Next, application examples of antenna device 310 according to the present exemplary embodiment will be described with reference to Figs. 7 and 8. Figs. 7 and 8 are respectively schematic diagrams illustrating application examples of antenna device 310 according to the present exemplary embodiment to tablet terminal 300 and laptop computer 301.
As illustrated in Figs. 7 and 8, antenna device 310 according to the present exemplary embodiment can be applied to tablet terminal 300, laptop computer 301, and the like.
As illustrated in Fig. 7, antenna device 310 is disposed inside tablet terminal 300. It is not particularly limited where to dispose antenna device 310 in tablet terminal 300, and antenna device 310 may be disposed in a bezel portion of tablet terminal 300 as illustrated in Fig. 7.
As illustrated in Fig. 8, antenna device 310 is disposed inside laptop computer 301. It is not particularly limited where to dispose antenna device 310 in laptop computer 301, and antenna device 310 may be disposed in a bezel portion of a display of laptop computer 301 as illustrated in Fig. 8.
As ground member 370 of antenna device 310, it is possible to use a metal chassis of tablet terminal 300 or laptop computer 301, for example.

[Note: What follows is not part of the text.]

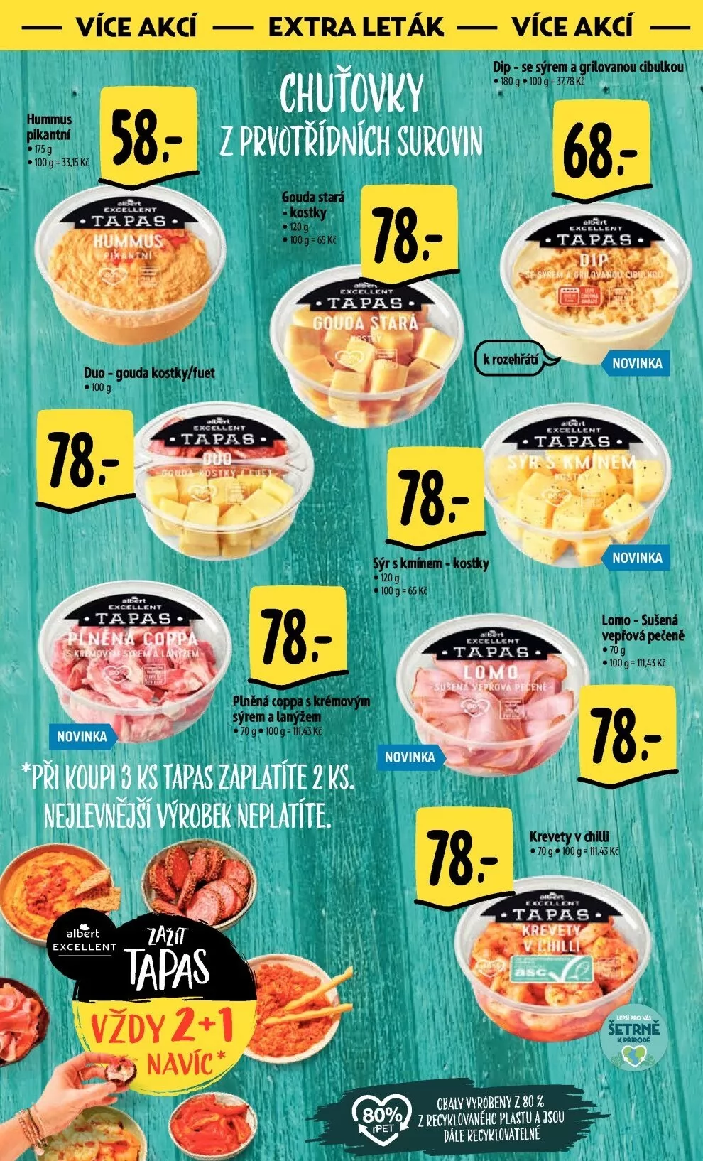 V letáku obchodu Albert najdete širokou nabídku produktů za akční ceny. Mezi novinkami se objevují pikantní humus a různé druhy sýrových kostek, jako je gouda a gouda star. Nechybí ani chutné dipy, například se sýrem a grilovanou bulkou. Pro milovníky tapas jsou k dispozici delikatesy jako sušená vepřová pečeně a plněná coppa s krémovým sýrem a lanýžem. A nezapomeňte na krevety v chilli, které jsou nyní za skvělou cenu. Všechny produkty jsou šetrné k životnímu prostředí, balené v recyklovatelném plastu. Navštivte Albert a objevte tyto skvělé nabídky!
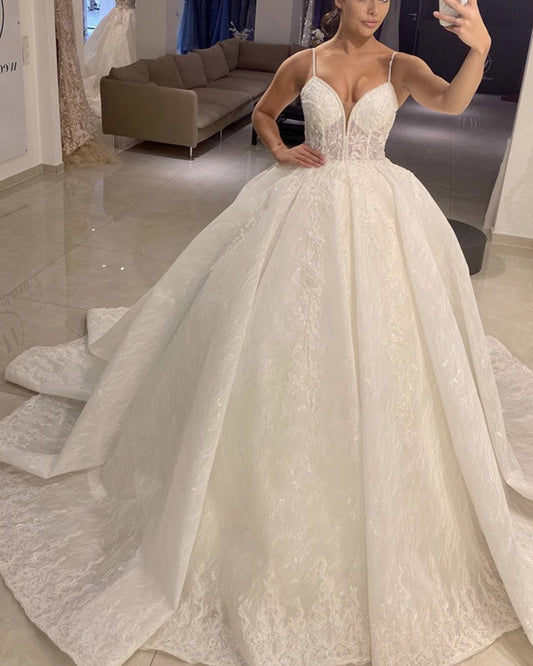 Ball Gown V Neck Lace Dresses Wedding Spaghetti Straps

(Modified examples and others)

The present disclosure has been described above on the basis of the exemplary embodiments. However, the present disclosure is not limited to the above exemplary embodiments. Various modifications made on the above exemplary embodiments by those skilled in the art may be included in the present disclosure without departing from the scope of the present disclosure.
For example, a meander structure that reduces propagation of a signal in the second frequency band may be used for part of the high-band element of the antenna device according to each of the above exemplary embodiments. As a result, it is possible to reduce influence of the high-band element on the signal in the second frequency band.
In addition, the shapes of the antenna elements included in the antenna devices according to the above exemplary embodiments are not limited to the shapes illustrated as examples in respective ones of the above exemplary embodiments. Each of the feeding element, the high-band element, and the low-band element of the antenna element may have an elliptical shape or the like, or may be curved.
In addition, a form realized by arbitrarily combining components and functions in the exemplary embodiments without departing from the gist of the present disclosure is also included in the present disclosure.
For example, antenna device 210 according to the third exemplary embodiment may further include short-circuit element 130 or short-circuit element 130a according to the second exemplary embodiment, and antenna device 310 according to the fourth exemplary embodiment may include short-circuit element 130 according to the second exemplary embodiment instead of short-circuit element 330. Further, antenna device 310 according to the fourth exemplary embodiment may not include short-circuit element 330 or the like.

INDUSTRIAL APPLICABILITY

The multi-band antenna of the present disclosure can be used, for example, as a part of an array antenna for a wireless module used in an acoustic device or the like.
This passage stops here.